As in Patterson, the conduct about which plaintiff complains here is postformation conduct relating to the terms and conditions of continuing employment. When the conditions of employment are under attack, Patterson teaches that section 1981 has no application.

III.

In considering plaintiff's section 1983 claim, we must consider it as it relates to the Union separately from its application to the other defendants. As to the Union and Union individual defendants, the district court concluded that the requisite state action required for a section 1983 action was not present. We agree. The Union and its officers were not acting under color of law, notwithstanding that they represented state employees.

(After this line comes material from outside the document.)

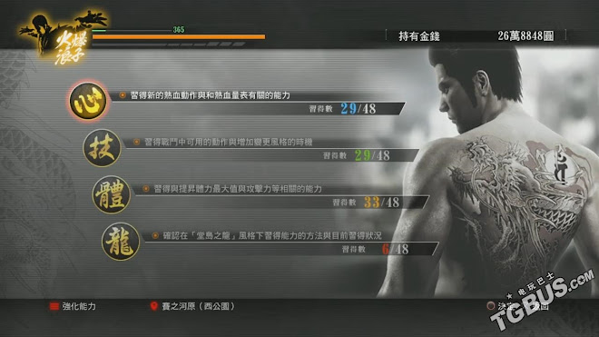可強化的能力一共分“心”、“技”、“體”、“龍”四大類。“心”即與熱血量表和熱血動作相關的能力;“技”是戰鬥中可使用的招式、閃避動作等等;“體”則強化生命值、攻擊力、防禦力等基本數值;最後一項“龍”是用來強化終極戰鬥風格“堂島之龍”的,該專案無法自主加點,需要在新系統“真島趴趴走”中與真島吾朗多次對決、提升彼此的“孽緣值”來領悟。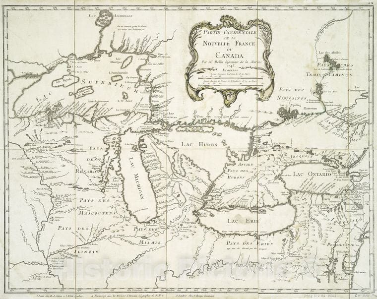 Historic 1745 Map - Partie Occidentale De La Nouvelle France Ou Canada

The analysis as to the rest of the defendants differs because admittedly they were all acting under color of law. Not all acts done under color of law are within the purview of section 1983, however. In Will v. Michigan Department of State Police, 491 U.S. 58 (1989), the Supreme Court concluded that states and state agencies were not "persons" for purposes of section 1983 litigation. The same result could have been reached by applying the immunity afforded to states by the Eleventh Amendment.